Exercise description ▸ Beginning with the line that contains "From July to" and ending with the line that contains "SMS Brandenburg, litho", reproduce the lines of the entries below exactly, omitting pictures.

Data provided ▸
=== Section Start ===
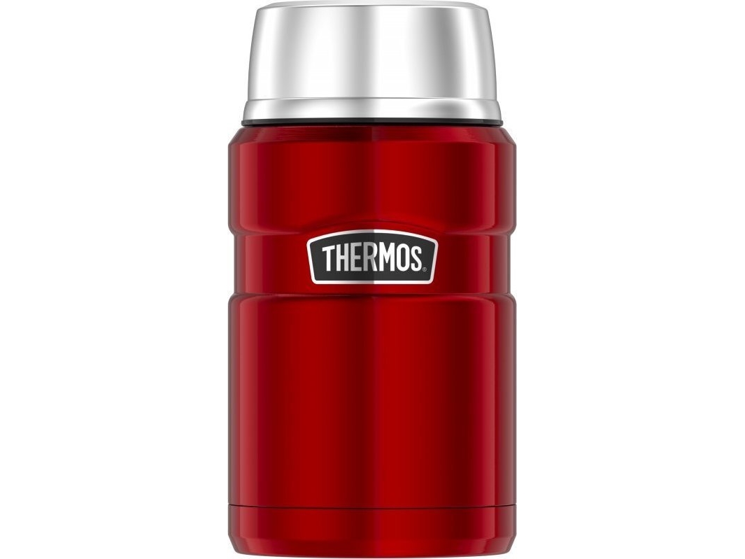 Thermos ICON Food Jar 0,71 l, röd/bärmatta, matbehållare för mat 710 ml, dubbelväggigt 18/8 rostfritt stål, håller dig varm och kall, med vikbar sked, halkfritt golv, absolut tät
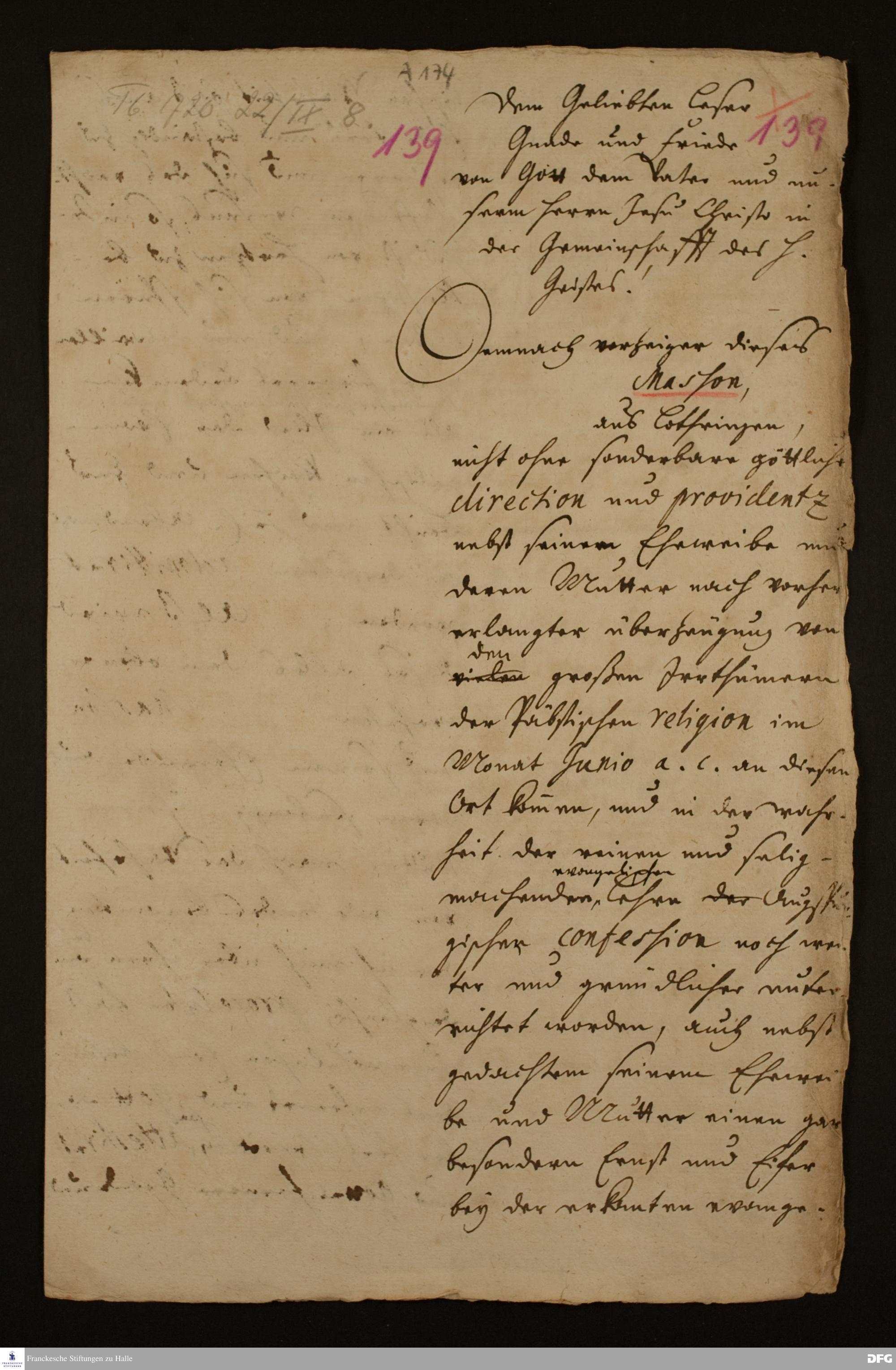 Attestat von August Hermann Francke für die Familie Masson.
=== Section End ===
=== Section Start ===
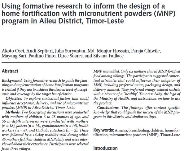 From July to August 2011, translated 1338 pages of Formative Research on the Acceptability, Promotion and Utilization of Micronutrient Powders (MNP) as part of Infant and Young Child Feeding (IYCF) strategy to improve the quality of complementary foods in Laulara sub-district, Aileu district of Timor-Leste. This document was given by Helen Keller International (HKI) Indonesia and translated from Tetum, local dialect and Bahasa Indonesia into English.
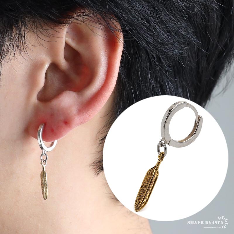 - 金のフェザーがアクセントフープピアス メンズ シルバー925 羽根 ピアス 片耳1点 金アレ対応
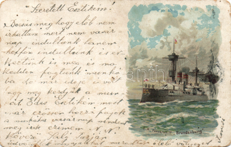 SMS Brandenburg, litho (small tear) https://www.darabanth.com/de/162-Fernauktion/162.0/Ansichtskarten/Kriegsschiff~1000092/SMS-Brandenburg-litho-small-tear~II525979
=== Section End ===
Solved problem ▸
 From July to August 2011, translated 1338 pages of Formative Research on the Acceptability, Promotion and Utilization of Micronutrient Powders (MNP) as part of Infant and Young Child Feeding (IYCF) strategy to improve the quality of complementary foods in Laulara sub-district, Aileu district of Timor-Leste. This document was given by Helen Keller International (HKI) Indonesia and translated from Tetum, local dialect and Bahasa Indonesia into English.
 - 金のフェザーがアクセントフープピアス メンズ シルバー925 羽根 ピアス 片耳1点 金アレ対応
 SMS Brandenburg, litho (small tear) https://www.darabanth.com/de/162-Fernauktion/162.0/Ansichtskarten/Kriegsschiff~1000092/SMS-Brandenburg-litho-small-tear~II525979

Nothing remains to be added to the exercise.